Avalune is standing by for the Wednesday discussion of this week’s military life post. (Leto, too.)
I could tell you my adventures – beginning from this morning, but it’s no use going back to yesterday, because I was a different person then. – Alice in Wonderland
We’re making our way to the back of a nondescript beige/brownish rectangular building that could be picked up wholesale and dropped into any military base in any state without anyone batting an eye. The interior is just as vague as the exterior, with endless airplanes, pictures of smiling airmen in uniform forming a pyramid of chain of command, and flyers for base services. One such service is the reason we’re winding our way towards the light in the back of the building – a Hearts Apart Meeting.
Hearts Apart was formed to keep families connected while the military members are serving abroad. Services include things like video teleconference “morale calls” in a time before everyone carried a multitude of video chat services in their pockets.
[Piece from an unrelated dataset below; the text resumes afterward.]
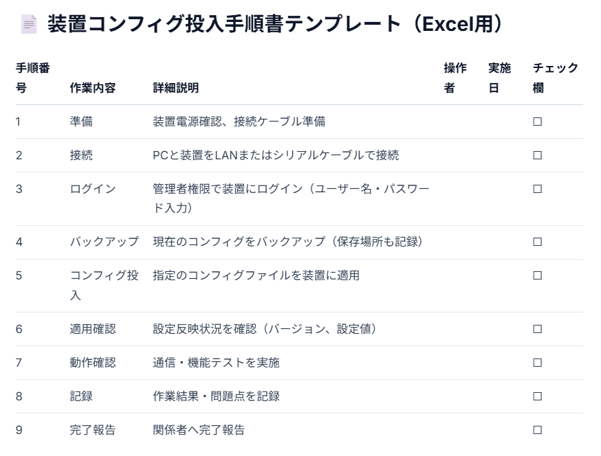 「装置にコンフィグを入れるための手順書テンプレートをエクセルで作成してください」
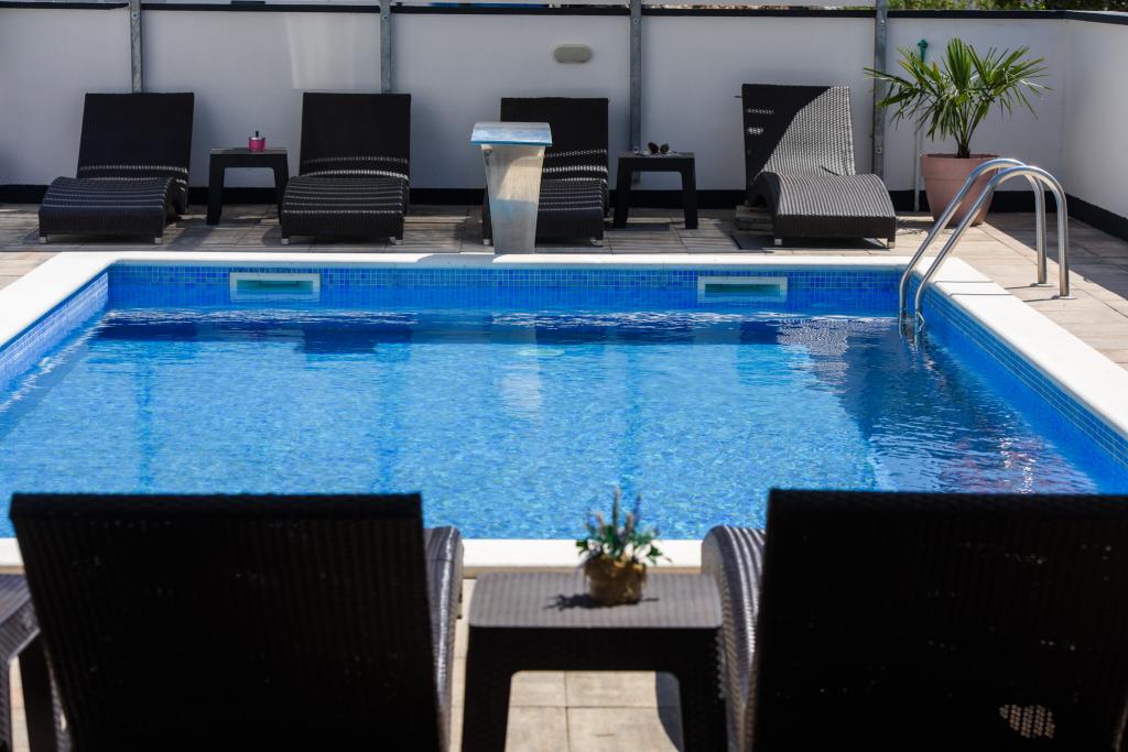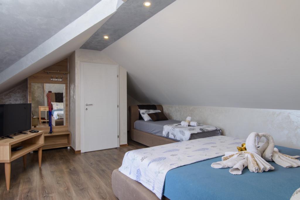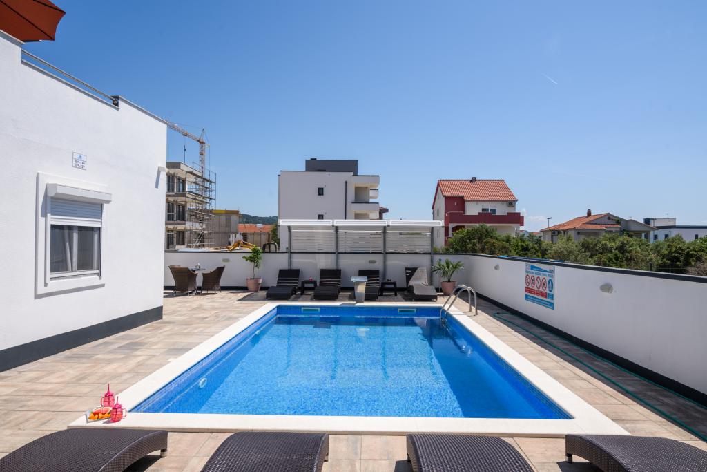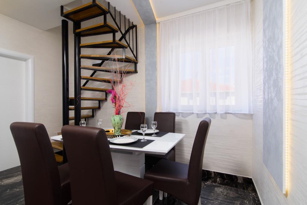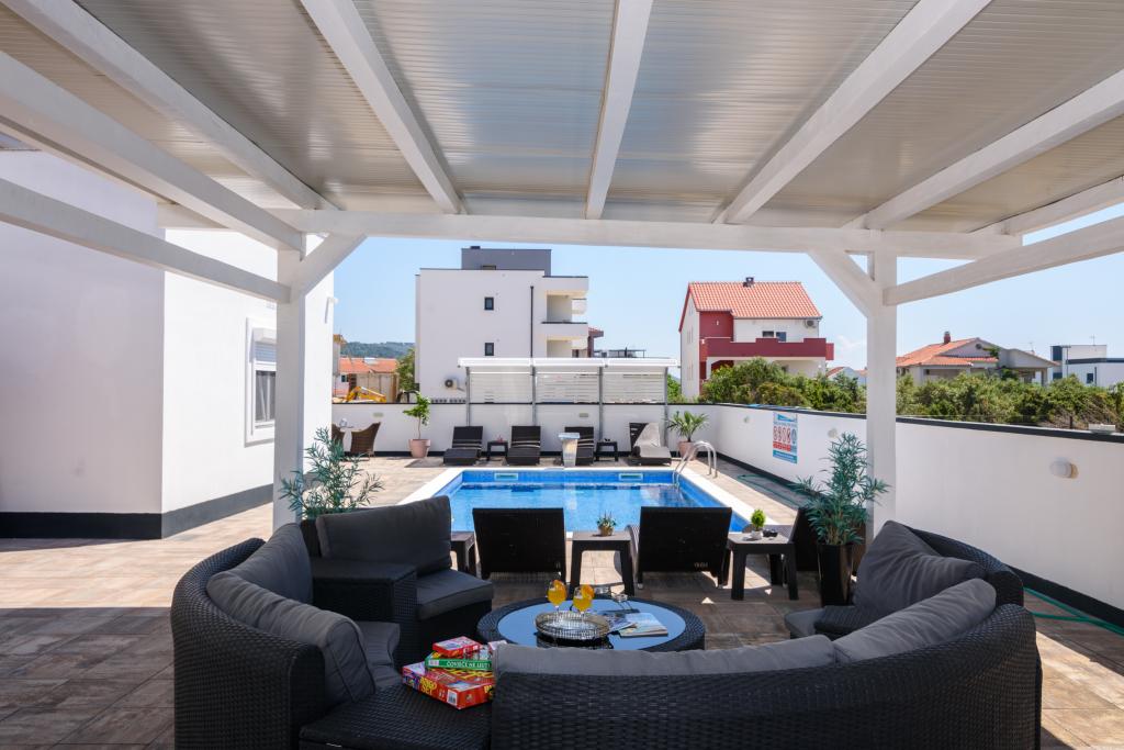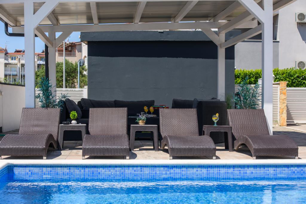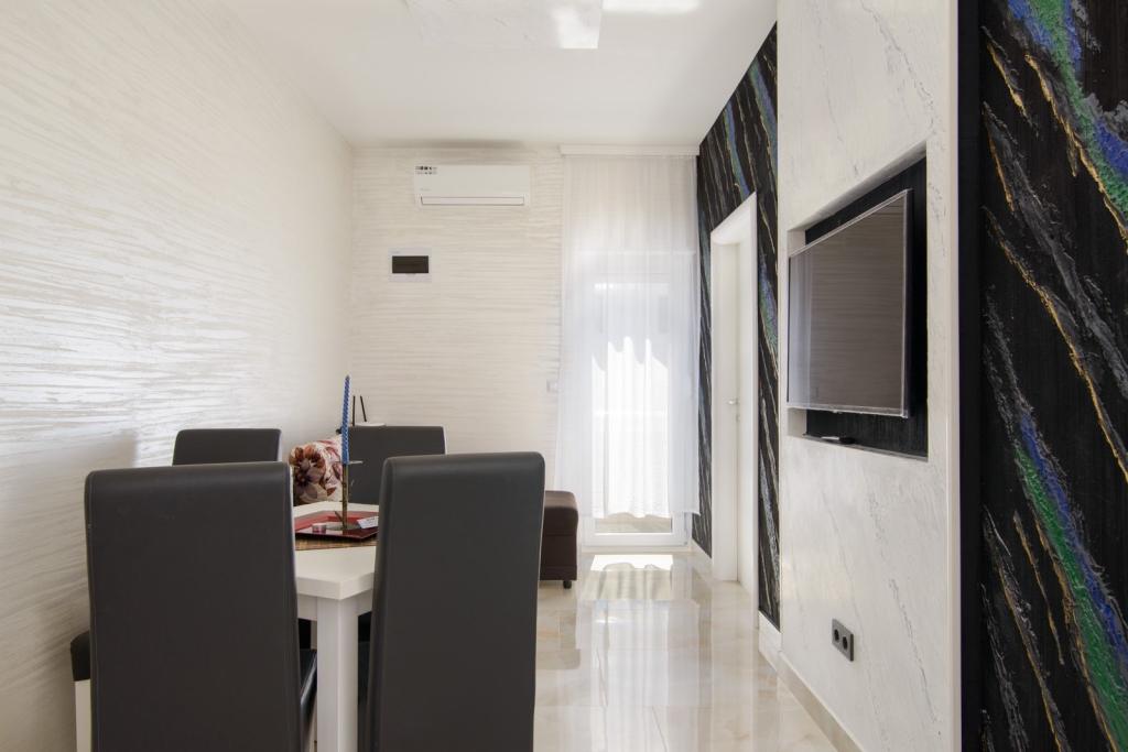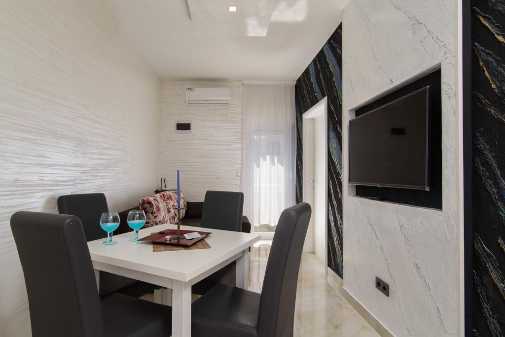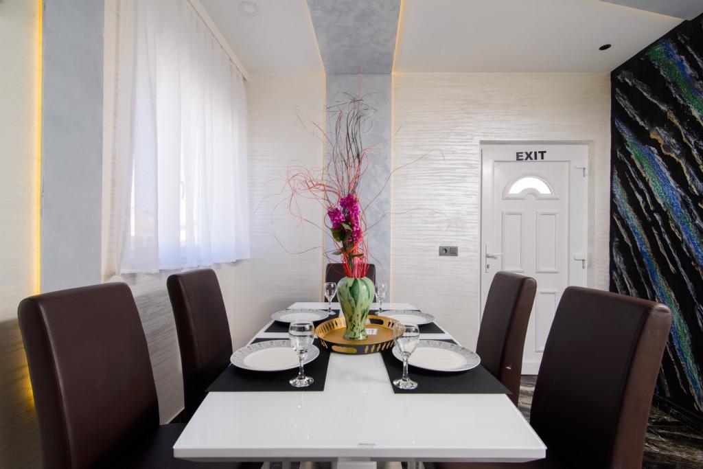 Apartmaji se nahajajo v novo opremljenem Villi ET A v mestu Okrug Gornji na otoku Čiovo, ki je povezan z zgodovinskim mestom Trogir. Popolnoma in novo opremljeni apartmaji v čudovitem delu otoka Čiovo. Le 70 m stran od morja. Pred apartmajem je bazen in velik žar. Apartmaji vsebujejo vse, kar potrebujete za družinske počitnice z otroki ali prijatelji. Vila je bila zgrajena leta 2017 in vsebuje sedem apartmajev, sodobnih in prilagojenih za turizem. Objekt je od središča mesta oddaljen 10 minut hoje, kjer lahko najdete: ambulante, lekarne, pošto, različne blagovne znamke, pijače s svežimi živili, vrsto restavracij in kavarn ter znamenito plažo Copacabana. In le 3, 5 km od centra Trogirja lahko greste z avtomobilom, avtobusom ali čolnom. Želimo vsem gostom dobrodošlo in prijetno poletje.

They also provide a four hour babysitting service called “Give Parents a Break,” a free oil change and safety check for your car, and a monthly support group.
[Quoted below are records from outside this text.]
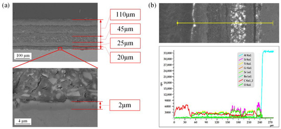 The experimental materials were Boeing 737 aircraft skins with coatings. As shown in Figure 1, a field emission scanning electron microscope (FE-SEM, ZEISS SUPRA® 55, ZEISS, Germany) with energy dispersive spectroscopy (EDS) attachment was used for cross-section observation and energy spectrum analysis of the original sample. As presented in Figure 1a, there are four layers of paint on the aluminum substrate, with a total thickness of about 200 μm, which are coated alternately by polyurethane paint and epoxy paint. The substrate is A357 Al alloy, and there is a uniform anodic oxide film about 2 μm thick between the paint and the aluminum substrate. It can be seen from the energy spectrum results in Figure 1b that all elements content of different paint is obviously differentiated, according to which the paint can be clearly layered.
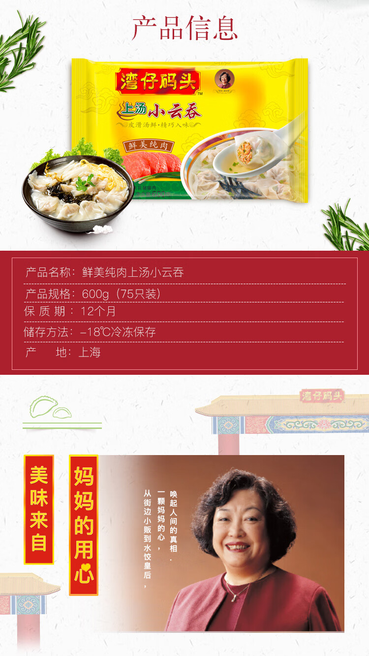 湾仔码头 鲜美猪肉上汤小云吞 600g(75只)/袋
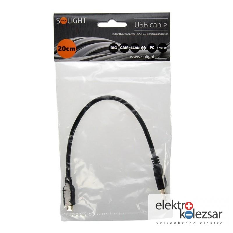 Solight USB kabel, USB 2.0 A konektor - USB B micro konektor, sáček, 20cm
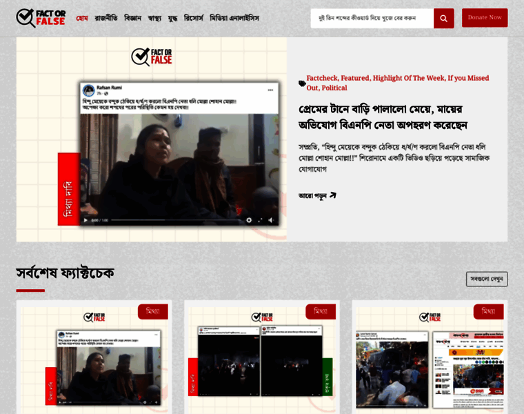 সর্বশেষ ফ্যাক্টচেক সবগুলো দেখুন ফিচার সবগুলো দেখুন ক্যাটাগরি রাজনীতি স্বাস্থ্য বিজ্ঞান যুদ্ধ ভিডিও সবগুলো দেখুন তথ্য যাচাই করতে চান? আমাদেরকে তথ্য পাঠান

Dinner and a chance for the children to play are the primary selling points and the reason I can feel the stink eye being directed at me by “The Boy.” Dinner is cow beef burgers and cheese pizzas, neither being things The Boy can eat due to dietary restrictions – restrictions explained to the group leader prior to the meeting which were met with the polite equivalent of “too bad, so sad.” [As dietary concerns have increased over the years, these groups do a much better job of addressing this now]. He doesn’t care about being able to eat but he very much cares that the children he’s expected to play with are significantly younger and he was perfectly happy playing video games at home before I dragged him here. I tell him sorry dude with my eyes and turn to the women gathering in a frazzled half-circle on the other side of the inedible food.